4. The optimal two-part cooperative control method for an intelligent unmanned swarm system according to claim 1, characterized in that, The formula for calculating historical TD error is as follows: ; ; in, This represents the historical TD error of the critic1 network training at time k. This represents the historical TD error during the training of the critic2 network at time k. Indicates the attenuation factor. express Historical TD error during network training at time point critic1 express Historical TD error during the training of the critic2 network at various times. This represents the TD error during the training of the critic1 network at time k.
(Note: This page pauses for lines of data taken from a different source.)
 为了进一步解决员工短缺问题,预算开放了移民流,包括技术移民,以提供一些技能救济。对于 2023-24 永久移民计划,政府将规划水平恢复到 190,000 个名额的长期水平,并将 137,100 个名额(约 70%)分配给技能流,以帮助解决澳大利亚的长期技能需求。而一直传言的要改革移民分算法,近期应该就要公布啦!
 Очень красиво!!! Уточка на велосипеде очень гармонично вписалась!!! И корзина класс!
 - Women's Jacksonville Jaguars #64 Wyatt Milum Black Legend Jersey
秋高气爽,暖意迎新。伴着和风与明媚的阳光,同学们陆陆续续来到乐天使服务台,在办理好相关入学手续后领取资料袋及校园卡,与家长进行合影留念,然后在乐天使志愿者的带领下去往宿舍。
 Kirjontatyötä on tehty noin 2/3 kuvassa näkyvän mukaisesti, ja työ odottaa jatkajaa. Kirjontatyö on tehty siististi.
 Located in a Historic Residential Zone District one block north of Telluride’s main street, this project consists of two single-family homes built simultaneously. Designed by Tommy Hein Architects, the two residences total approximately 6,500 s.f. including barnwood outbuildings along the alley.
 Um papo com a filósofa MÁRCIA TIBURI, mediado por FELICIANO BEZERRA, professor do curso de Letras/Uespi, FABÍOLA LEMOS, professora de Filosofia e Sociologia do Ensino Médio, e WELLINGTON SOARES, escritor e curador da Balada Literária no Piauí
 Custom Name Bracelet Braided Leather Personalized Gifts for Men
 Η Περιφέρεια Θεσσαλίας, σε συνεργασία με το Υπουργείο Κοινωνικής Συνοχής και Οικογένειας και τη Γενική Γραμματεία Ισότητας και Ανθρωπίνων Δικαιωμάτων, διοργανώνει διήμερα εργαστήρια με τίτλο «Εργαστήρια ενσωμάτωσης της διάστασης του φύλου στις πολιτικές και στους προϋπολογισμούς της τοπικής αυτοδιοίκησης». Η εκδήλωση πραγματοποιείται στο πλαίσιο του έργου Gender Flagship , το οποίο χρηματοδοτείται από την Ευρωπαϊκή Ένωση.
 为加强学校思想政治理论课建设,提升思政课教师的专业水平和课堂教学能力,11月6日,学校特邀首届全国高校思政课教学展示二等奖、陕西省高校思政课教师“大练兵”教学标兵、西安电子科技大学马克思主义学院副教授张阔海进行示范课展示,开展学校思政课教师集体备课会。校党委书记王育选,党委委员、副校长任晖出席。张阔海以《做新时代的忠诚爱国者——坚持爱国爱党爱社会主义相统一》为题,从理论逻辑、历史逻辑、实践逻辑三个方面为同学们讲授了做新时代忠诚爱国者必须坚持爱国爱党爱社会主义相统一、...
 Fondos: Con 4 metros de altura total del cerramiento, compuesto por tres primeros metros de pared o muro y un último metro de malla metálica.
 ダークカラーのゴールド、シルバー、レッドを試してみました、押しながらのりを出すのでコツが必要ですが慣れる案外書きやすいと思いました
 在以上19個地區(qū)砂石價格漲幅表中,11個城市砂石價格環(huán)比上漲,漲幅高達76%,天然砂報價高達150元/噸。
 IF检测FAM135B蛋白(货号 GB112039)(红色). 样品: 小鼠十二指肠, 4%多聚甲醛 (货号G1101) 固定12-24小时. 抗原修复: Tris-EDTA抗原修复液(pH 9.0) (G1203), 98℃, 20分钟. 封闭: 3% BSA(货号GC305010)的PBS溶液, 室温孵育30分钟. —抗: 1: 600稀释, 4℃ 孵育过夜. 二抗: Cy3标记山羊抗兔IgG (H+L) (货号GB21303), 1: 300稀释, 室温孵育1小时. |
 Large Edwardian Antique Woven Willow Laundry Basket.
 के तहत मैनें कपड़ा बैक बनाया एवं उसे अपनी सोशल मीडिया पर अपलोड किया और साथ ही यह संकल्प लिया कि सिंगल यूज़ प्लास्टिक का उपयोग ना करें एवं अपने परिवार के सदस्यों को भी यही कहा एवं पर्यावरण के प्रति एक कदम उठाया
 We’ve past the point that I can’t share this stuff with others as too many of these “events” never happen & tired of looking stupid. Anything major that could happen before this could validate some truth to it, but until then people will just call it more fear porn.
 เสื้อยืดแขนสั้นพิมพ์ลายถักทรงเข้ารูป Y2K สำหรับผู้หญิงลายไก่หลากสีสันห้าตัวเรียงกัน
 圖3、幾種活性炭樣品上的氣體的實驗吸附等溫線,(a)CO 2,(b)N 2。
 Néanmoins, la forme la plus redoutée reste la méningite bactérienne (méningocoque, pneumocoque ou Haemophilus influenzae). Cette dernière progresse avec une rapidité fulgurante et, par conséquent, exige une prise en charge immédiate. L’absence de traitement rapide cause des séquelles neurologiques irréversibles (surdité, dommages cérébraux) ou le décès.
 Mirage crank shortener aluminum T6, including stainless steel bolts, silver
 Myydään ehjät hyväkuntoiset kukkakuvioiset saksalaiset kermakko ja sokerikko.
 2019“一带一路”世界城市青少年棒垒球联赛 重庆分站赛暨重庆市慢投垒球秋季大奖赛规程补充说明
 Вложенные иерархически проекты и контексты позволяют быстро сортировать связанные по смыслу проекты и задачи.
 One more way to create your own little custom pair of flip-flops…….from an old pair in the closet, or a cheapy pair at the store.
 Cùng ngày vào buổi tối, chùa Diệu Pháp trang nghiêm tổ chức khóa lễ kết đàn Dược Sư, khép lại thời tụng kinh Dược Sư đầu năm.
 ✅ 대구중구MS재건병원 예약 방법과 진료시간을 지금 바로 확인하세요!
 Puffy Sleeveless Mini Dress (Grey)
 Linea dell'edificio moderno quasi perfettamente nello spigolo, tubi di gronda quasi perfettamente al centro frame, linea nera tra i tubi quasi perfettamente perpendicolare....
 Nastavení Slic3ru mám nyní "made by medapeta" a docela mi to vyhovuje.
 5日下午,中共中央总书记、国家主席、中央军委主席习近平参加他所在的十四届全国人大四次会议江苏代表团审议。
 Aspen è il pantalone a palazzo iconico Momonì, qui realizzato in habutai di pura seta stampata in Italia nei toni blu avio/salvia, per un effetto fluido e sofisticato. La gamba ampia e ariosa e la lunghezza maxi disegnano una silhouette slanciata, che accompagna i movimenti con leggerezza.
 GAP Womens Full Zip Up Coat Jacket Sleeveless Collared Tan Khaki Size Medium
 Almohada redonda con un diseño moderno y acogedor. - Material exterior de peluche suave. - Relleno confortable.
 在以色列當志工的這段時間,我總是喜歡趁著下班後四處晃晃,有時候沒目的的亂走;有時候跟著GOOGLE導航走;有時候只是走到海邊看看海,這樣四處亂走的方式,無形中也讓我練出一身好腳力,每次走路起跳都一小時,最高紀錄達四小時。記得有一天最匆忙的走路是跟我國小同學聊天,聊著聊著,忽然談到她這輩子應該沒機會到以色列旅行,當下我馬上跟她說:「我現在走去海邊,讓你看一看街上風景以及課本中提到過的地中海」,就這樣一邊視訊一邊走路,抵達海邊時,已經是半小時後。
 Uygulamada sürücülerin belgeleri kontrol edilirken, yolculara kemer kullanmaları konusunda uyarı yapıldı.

This represents the TD error during the training of the critic2 network at time k.

5. The optimal two-part cooperative control method for an intelligent unmanned swarm system according to claim 1, characterized in that, The formula for calculating the adaptive learning rate is: ; ; in, This represents the adaptive learning rate of the critic1 network. This represents the adaptive learning rate of the critic2 network. Indicates a fixed learning rate. It is a constant. Let i represent the set of neighbors of agent i. Represents the neighboring intelligent agent j of intelligent agent i. Sum the values ​​of , This represents the connection weight from agent j to agent i. This indicates the intensity of cooperation and competition between agent i and agent j. This represents the weighting between historical TD errors and the intensity of cooperative competition. This represents the historical TD error of the critic1 network training at time k. This represents the historical TD error during the training of the critic2 network at time k.

6. The optimal two-part cooperative control method for an intelligent unmanned swarm system according to claim 1, characterized in that, The formula for determining whether an intelligent unmanned swarm system has reached consensus is: ; ; in, Represents the intelligent agent i. The weights of the critic1 network in the next iteration Represents the intelligent agent i. The weights of the critic1 network in the next iteration Represents the intelligent agent i. The weights of the critic2 network in the next iteration Represents the intelligent agent i. The weights of the critic2 network in the next iteration This represents the stability threshold.